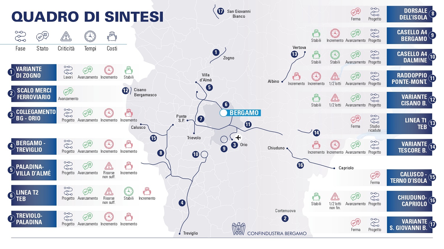 A livello progettuale, quasi la metà delle opere (8 su 17) si trova nella fase di studio di fattibilità tecnica ed economica. Soltanto due, la variante di Zogno e la Treviolo-Paladina, sono in fase realizzativa e dovrebbero vedere la conclusione dei lavori tra la metà e la fine del 2021. Per altre non mancano criticità: la Paladina-Villa d’Almé ha per esempio risorse azzerate, criticità a vari livelli vengono evidenziate anche per la variante di Cisano, il raddoppio delle Ponte-Montello e la Chiuduno-Capriolo.
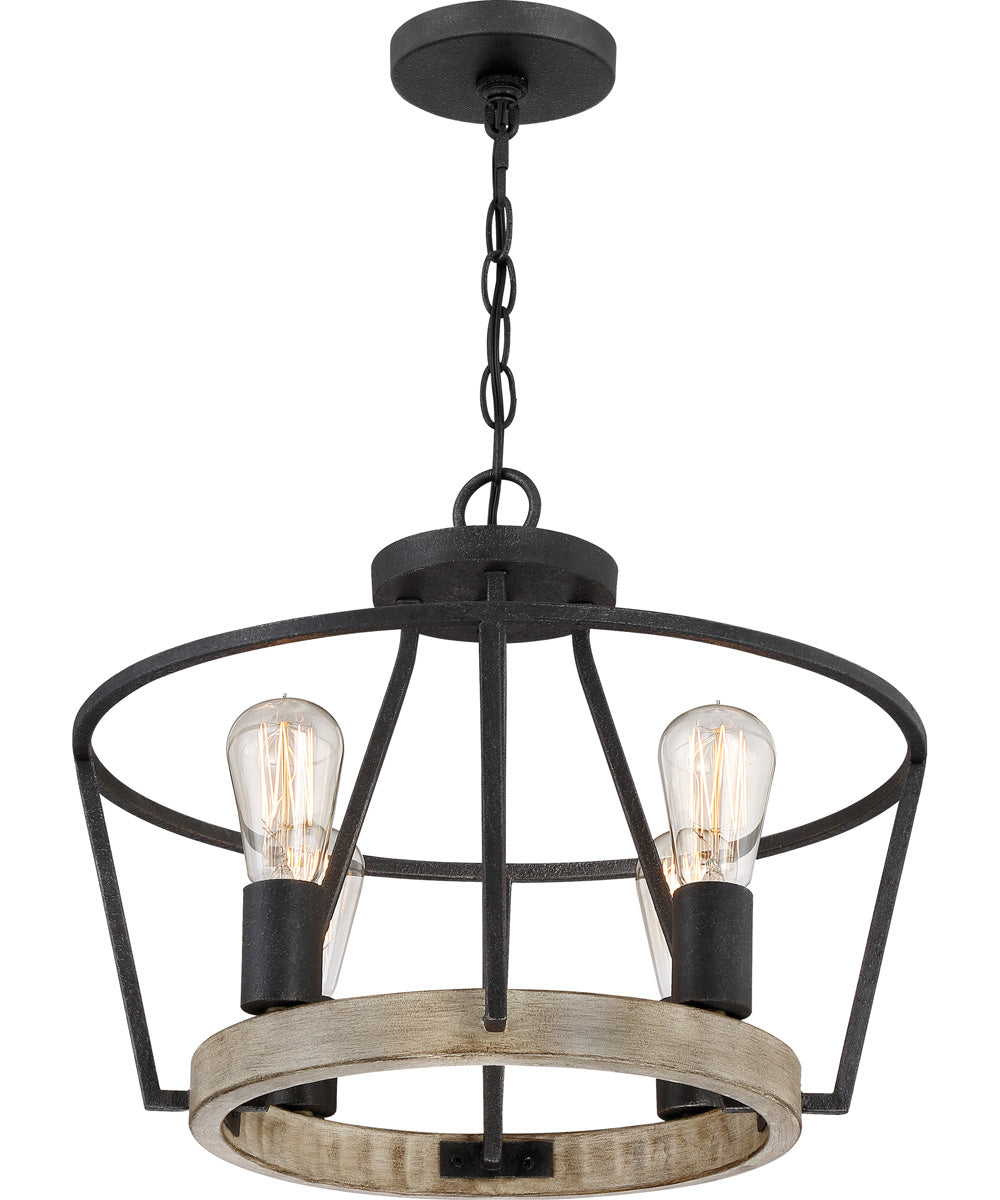 The Brockton pendant light accommodates four 100-watt medium base bulbs (not included), providing ample illumination for any room. The use of vintage filament bulbs enhances the rustic charm, casting a soft and ambient light that creates a cozy and welcoming environment. This makes it an excellent choice for dining areas, kitchens, living rooms, and entryways where a warm and inviting ambiance is desired.
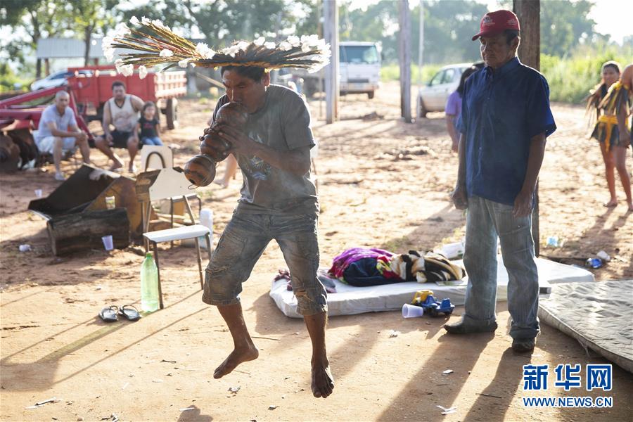 4月5日,在巴西马托格罗索州南部的雅鲁多里社区,一名原住民参加当地为孩子命名的仪式。 新华社记者李明摄
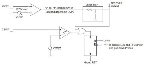 3. 冗余OVP(閂鎖):專用OVP2引腳用來保護(hù)大電容;電路中內(nèi)置的20 µs濾波器用來提供更佳的噪聲免疫性。當(dāng)OVP2比較器被觸發(fā)時,PFC及LLC均關(guān)閉。PFCok信號假定為低電平時,PGout被釋放開路,使LLC停止工作。
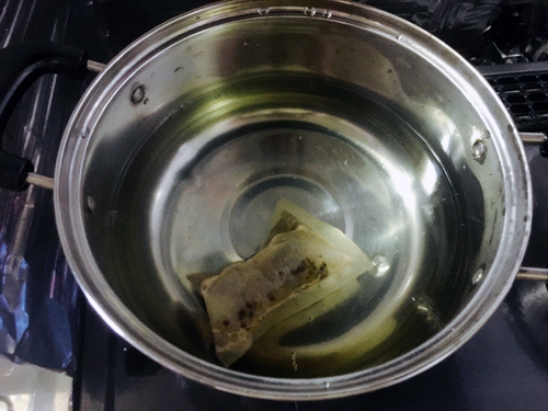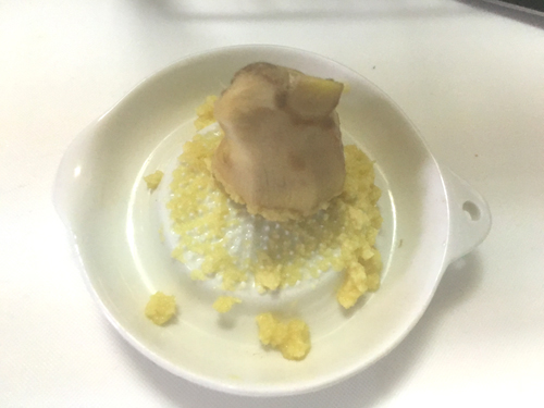 2.鍋でだしを温める。その間ショウガをすりおろす。
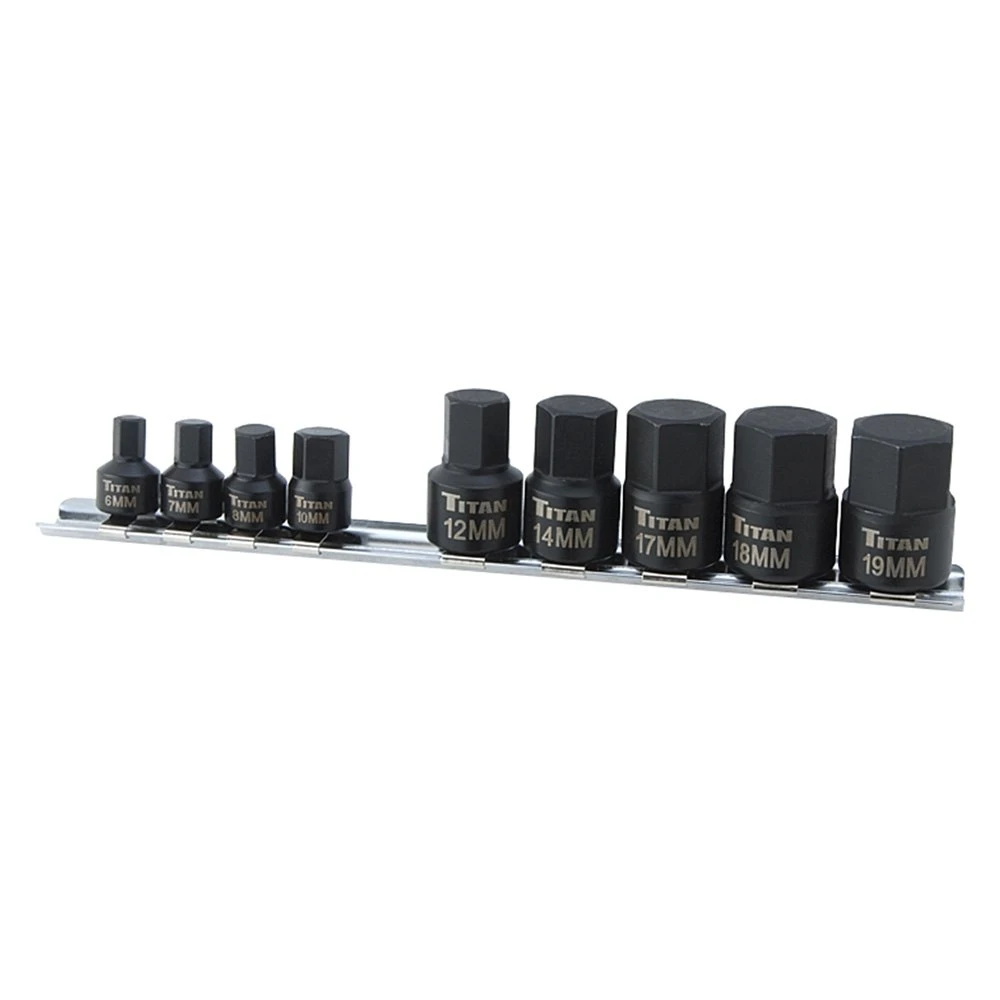 3/8″ Drive Metric Hex Stubby Impact Bit Socket Set (9 Pieces) by Titan Tools®. This top-grade product is expertly made in compliance with stringent industry standards to offer a fusion of a well-balanced design and high level of craftsmanship. Manufactured from industry-leading materials using up-to-date equipment, it ensures everlasting reliability and enduring value. This product is distinguished by total quality assurance, unsurpassed by anybody else.
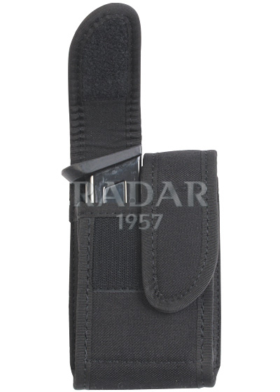 Porta due caricatori bifilare Multialyer non termoformato, dispositivo interno anticaduta in polimero, doppia applicazione in cintura, verticale e orizzontale, chiusura con doppia pattina e velcro.
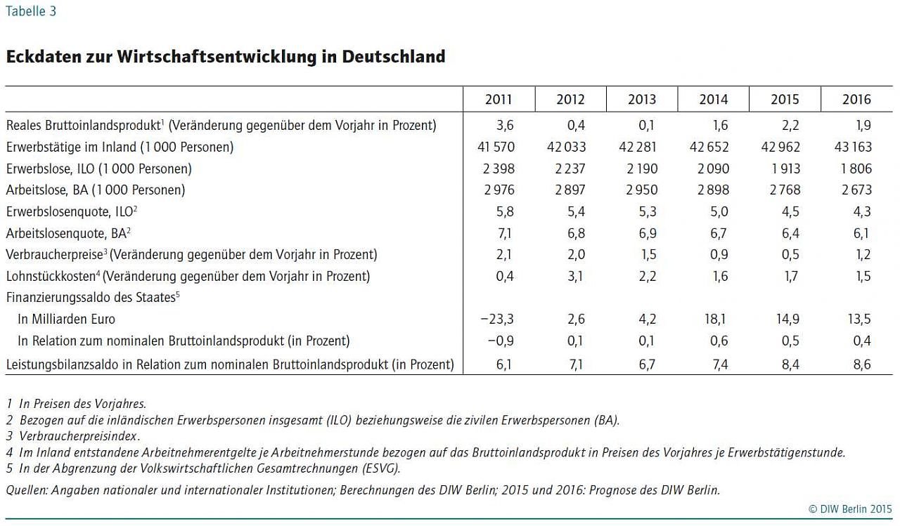 Für 2015 rechnen die Experten mit rund 300.000 zusätzlichen Jobs und einer Arbeitslosenquote von 6,4 Prozent, für kommendes Jahr mit rund 200.000 neuen Stellen und einer Quote von 6,1 Prozent. Die befürchteten negativen Beschäftigungswirkungen des Mindestlohnes sind bislang ausgeblieben. Die Löhne dürften weiter spürbar steigen und die Leistungsausweitungen im Bereich der Rentenversicherung sorgen vorübergehend für einen kräftigen Einkommensschub; beides kurbelt den Konsum zusätzlich an. Kaufkraftsteigernd wirke auch der deutlich gesunkene Ölpreis: Die privaten Haushalte werden nach DIW-Einschätzung die entstandenen Spielräume zumindest zum Teil für andere Konsumausgaben nutzen. Die Inflationsrate dürfte in diesem Jahr bei 0,5 Prozent liegen, im kommenden Jahr bei 1,2 Prozent.
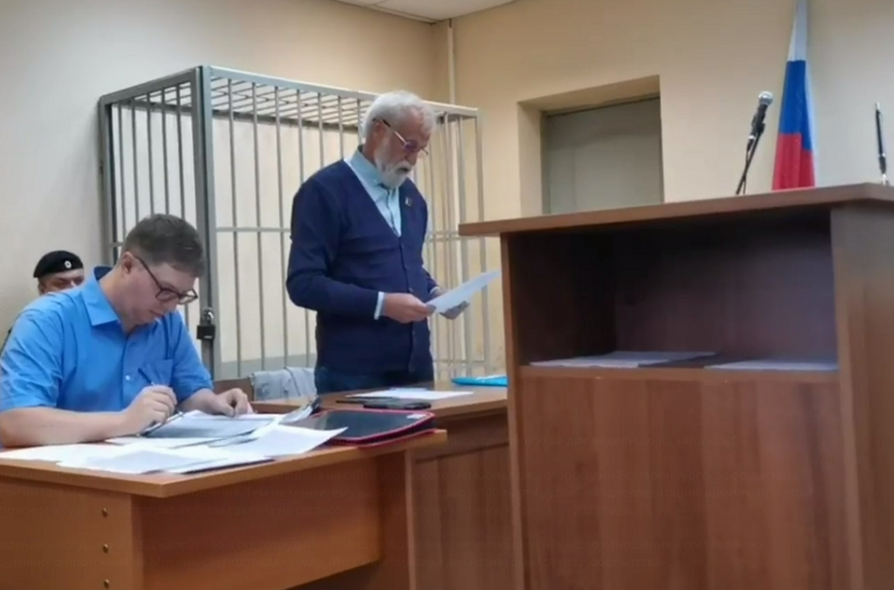 Мосин сообщил суду, что фото было сделано на согласованном властями митинге еще 12 февраля 2022 года, то есть почти за две недели до начала полномасштабного вторжения российских войск в Украину. Статья о «дискредитации» армии появилась в КоАП в марте того же года.
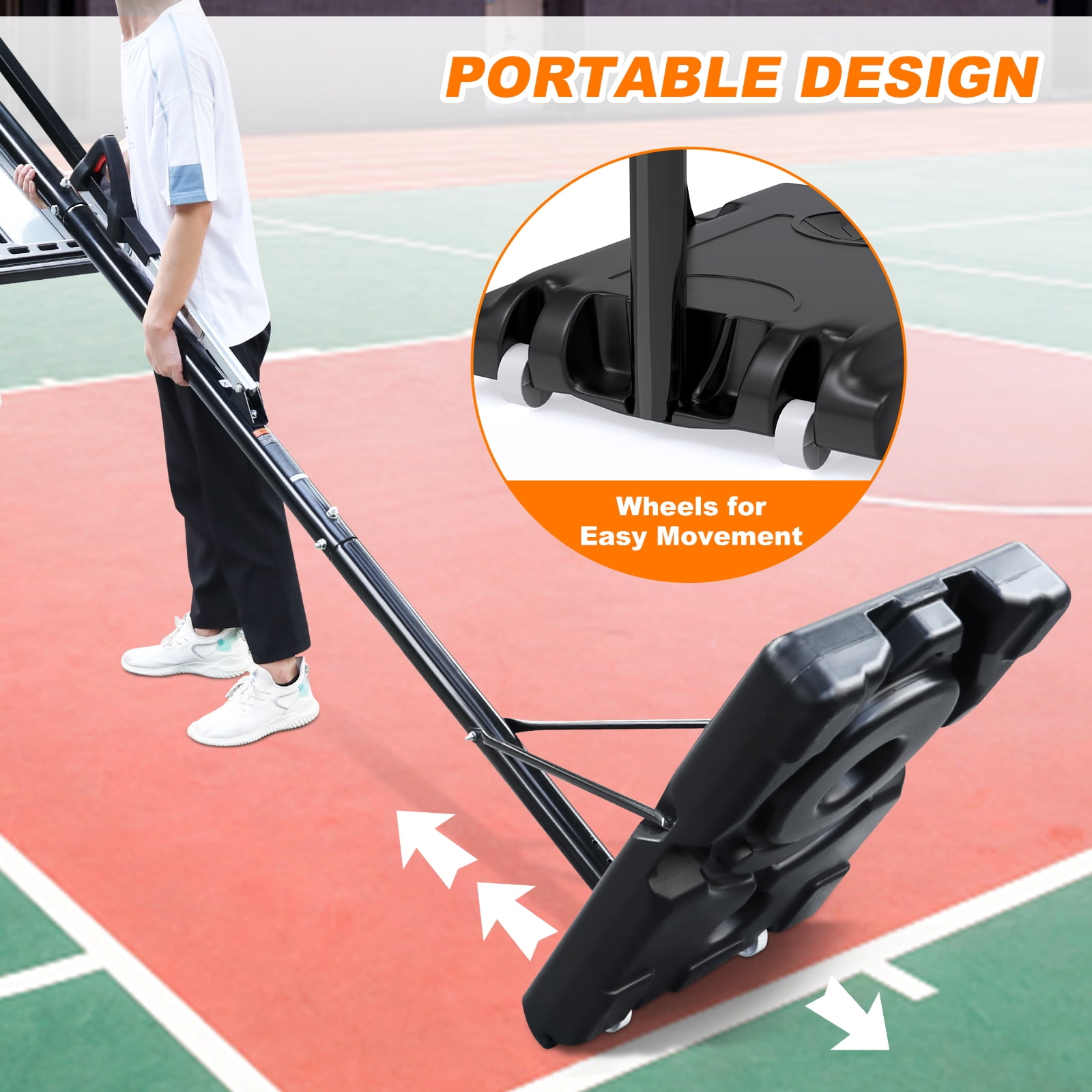 If you’re a basketball enthusiast, the GIKPAL portable basketball goal system is a game-changer. Please click the link for the assembly video It features a one-touch height adjustment design. Unlike other basketball goal system that need different poles for height changes, our system offers single-handed, one-touch operation, saving you time. With a vibrant color design and an adjustable height range of 4.9 to 10 feet, it suits users of all ages. With a robust PVC back panel and effortless assembly, it’s a durable and user-friendly choice. The standout feature is its superior stability, thanks to a base that can hold 53 kilograms of water or 150 pounds of sand. Whether indoors or outdoors, the wheeled base ensures easy portability, and the system’s durable construction with a shatterproof PVC backboard, sturdy steel frame, and weather-resistant nylon net guarantees long-lasting, stylish performance. It’s the ideal solution for basketball enthusiasts of all levels and is versatile enough for any location.

-- WHAT YOU ARE ASKED TO DO --
Exactly the lines above from the one that contains "The Brockton pendant" down to the one that contains "4月5日,在巴西马托格罗索州" are to be output, both ends kept and pictures omitted.

-- REPLY TO THE TASK --
 The Brockton pendant light accommodates four 100-watt medium base bulbs (not included), providing ample illumination for any room. The use of vintage filament bulbs enhances the rustic charm, casting a soft and ambient light that creates a cozy and welcoming environment. This makes it an excellent choice for dining areas, kitchens, living rooms, and entryways where a warm and inviting ambiance is desired.
 4月5日,在巴西马托格罗索州南部的雅鲁多里社区,一名原住民参加当地为孩子命名的仪式。 新华社记者李明摄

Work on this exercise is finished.